Starting January 1, 2018, business owners and landlords in the UAE will be required to pay a value-added tax (VAT) of five percent. The announcement was made by the country’s Federal National Council (FNC) recently.
It may be recalled that last year, the UAE signed an agreement to implement VAT along with other GCC countries, including Bahrain, Oman, Qatar, and Saudi Arabia.
Five Percent VAT Effective on January 2018
Private businesses earning at least AED 370,000 a year will have to pay VAT. At present, there are over 450,000 privately-owned companies in the country. The Minister of State for Financial Affairs, Obaid Humaid Al Tayer, states that this figure could reach 600,000 soon — resulting in the growth of the UAE’s annual Gross Domestic Product (GDP).

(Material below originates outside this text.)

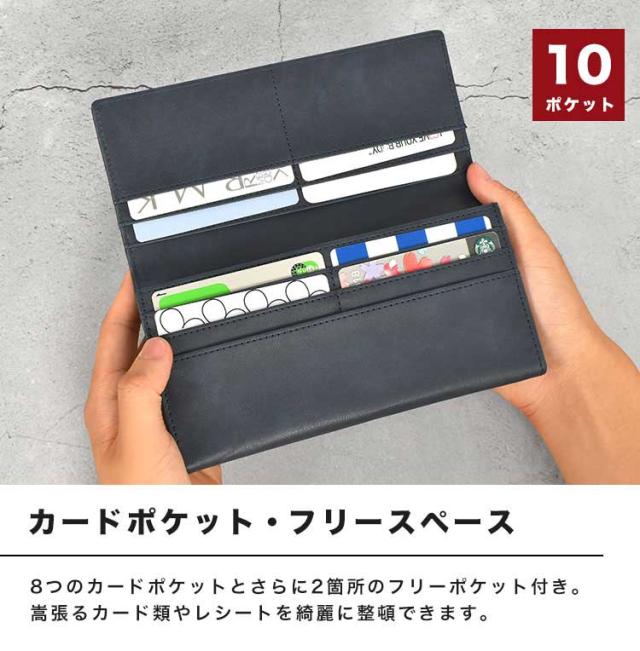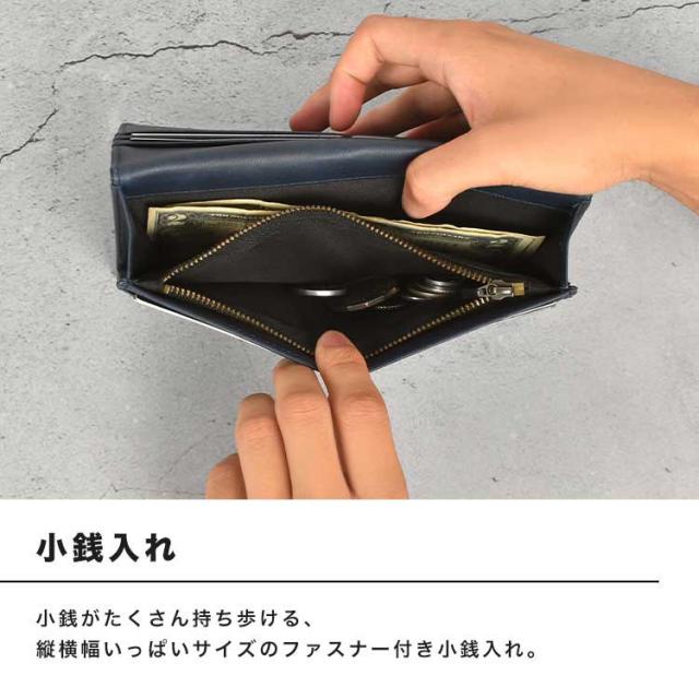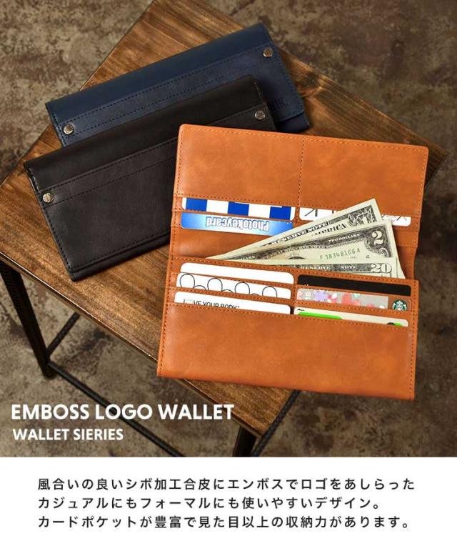風合いの良いシボ加工合皮にエンボスでロゴをあしらった カジュアルにもフォーマルにも使いやすいデザイン。 スリムな形状ですがカードポケットが豊富で、二つ折りでも見た目以上の収納力があります。 高級感があり、ボックスもついているのでプレゼントやギフトにも最適です!
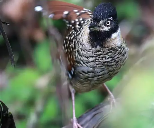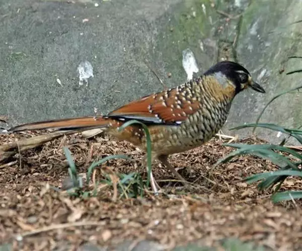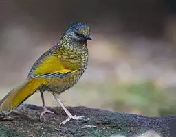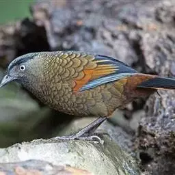 蓝翅噪鹛:噪鹛科、彩翼噪鹛属动物。中型鸟类,体长22-25厘米。上体棕橄榄褐色密被黑色鳞状斑,…

Likewise, landlords who are renting out properties will also have to pay VAT. This means that rental costs for tenants could also increase in the coming year.
Possible Effects of VAT
According to Al Tayer, “VAT is the only law that is currently with the legislative committee, as well as the selective items tax on tobacco, fizzy drinks and energy drinks.” He explained that the tax will affect consumers and residents, starting with 1.3 percent, though this will drop over time. On the other hand, business owners will be facing 0.06 percent and 0.04 on GDP.

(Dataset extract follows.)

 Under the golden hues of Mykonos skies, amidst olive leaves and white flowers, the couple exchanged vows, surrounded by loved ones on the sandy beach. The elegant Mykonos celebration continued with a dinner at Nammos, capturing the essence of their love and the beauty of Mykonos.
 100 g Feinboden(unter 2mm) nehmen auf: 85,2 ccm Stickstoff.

The implementation of VAT will also involve measures and procedures regarding tax collection and auditing, as well as penalties for violations and tax avoidance.
Tax on Selective Items
Meanwhile, the GCC countries will also be introducing taxes on “selective items,” such as energy drinks, soft drinks, and tobacco. In fact, Saudi Arabia has already drafted a law placing 35 percent tax on soft drinks and 100 percent tax on tobacco.
As for the UAE, Al Tayer stated that the amount of tax on selective items has yet to be confirmed, although it could be introduced this year. “The cap is 100 per cent, it could be less depending on each country,” he said. “Once the law is issued, it will say when it will be implemented.”
For us consumers, VAT means that certain products and costs will rise, but we should also look at the larger picture. The UAE aims to generate 80 percent of its economy through non-oil sectors by 2021. Since oil is a non-renewable resource, generating tax is one way to sustain the country’s economic growth.